Les applications futures de cet outil sont vastes et prometteuses. Cela peut aider à examiner les effets des pesticides sur l’ADN des ouaouarons ou l’impact de la pollution plastique sur les processus biologiques du saumon rose, etc. Les ToxChips spécifiques aux espèces peuvent aider à formuler des recommandations politiques fondées sur des preuves ou des initiatives de surveillance qui limiteraient le trafic maritime dans les zones d’oiseaux menacées pendant la saison de reproduction.

La surveillance des contaminants dans la faune est particulièrement importante pour ceux qui dépendent de la nourriture locale. L’utilisation de ces outils peut aider à informer les habitants de l’Arctique si les animaux dont ils dépendent ont été exposés à des contaminants.

Ils peuvent être utilisés comme intervention d’urgence en cas de déversement d’hydrocarbures. Le pétrole peut persister longtemps après que les équipes de nettoyage ont retiré le pétrole visible de l’environnement.

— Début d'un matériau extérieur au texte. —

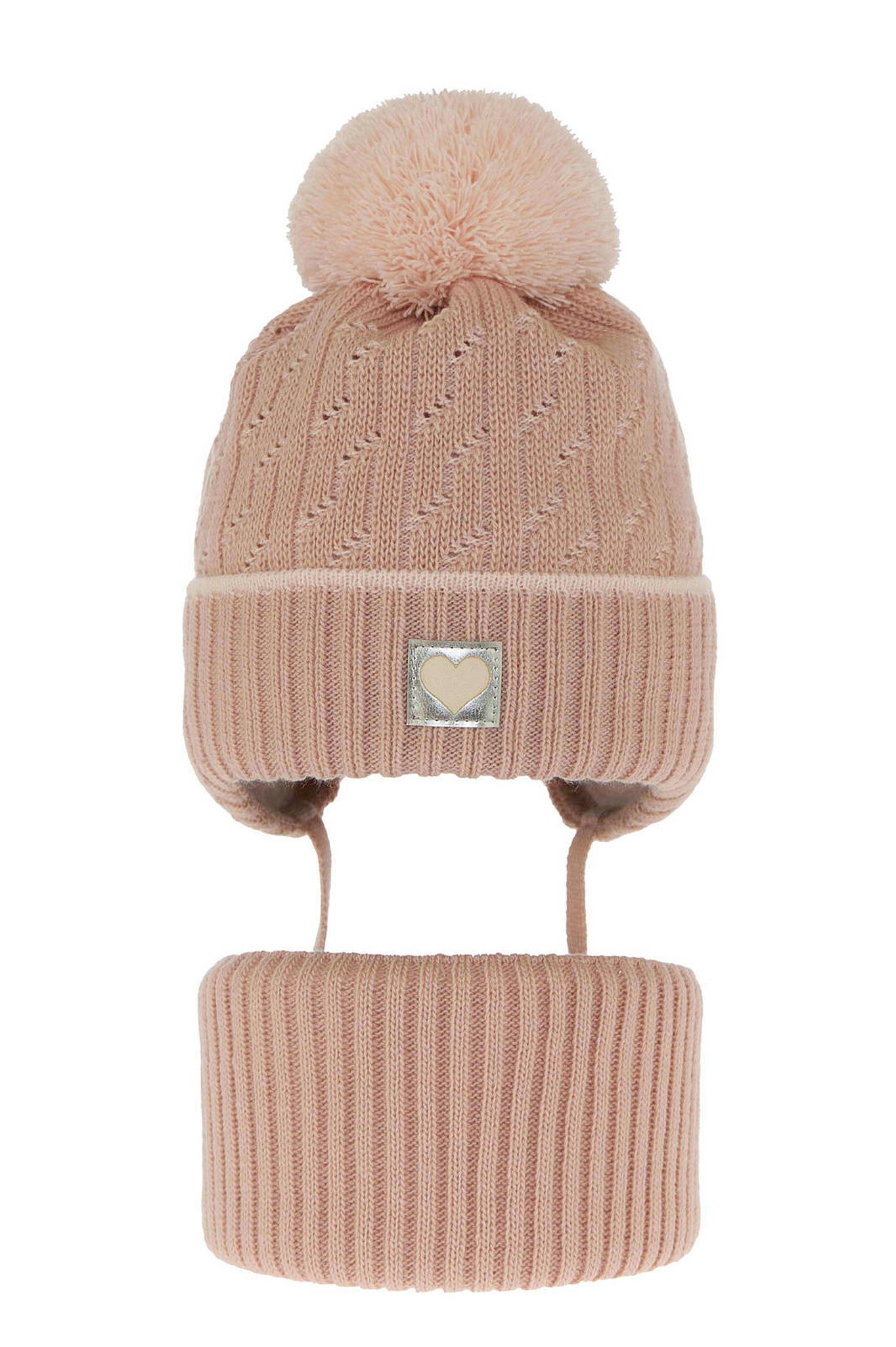 Opinie o Czapka i komin dla dziewczynki zimowy komplet, różowy, z pomponem Natka

Les ToxChips peuvent aider à comprendre si les oiseaux marins continuent d’être exposés à la pollution par les hydrocarbures.

Les gens utilisent des tuyaux à haute pression pour laver l'huile des rochers sur une plage.
Les composants toxiques et les produits chimiques libérés lors des déversements d’hydrocarbures peuvent rester dans l’environnement malgré les efforts de nettoyage.
(AP Photo/Rob Stapleton, Fichier)

Bien que l’outil soit encore en évolution, il a été développé pour deux espèces d’oiseaux de mer et est actuellement mis en pratique pour évaluer les changements d’expression génétique après un important déversement de pétrole et sur un ancien site militaire dont la contamination est connue.

Les projets ToxChip rendront les tests de contamination plus abordables, plus précis, plus rapides et moins dépendants des animaux de laboratoire. Cela pourrait aider à réduire les impacts de la pollution par les hydrocarbures sur les animaux à l’avenir.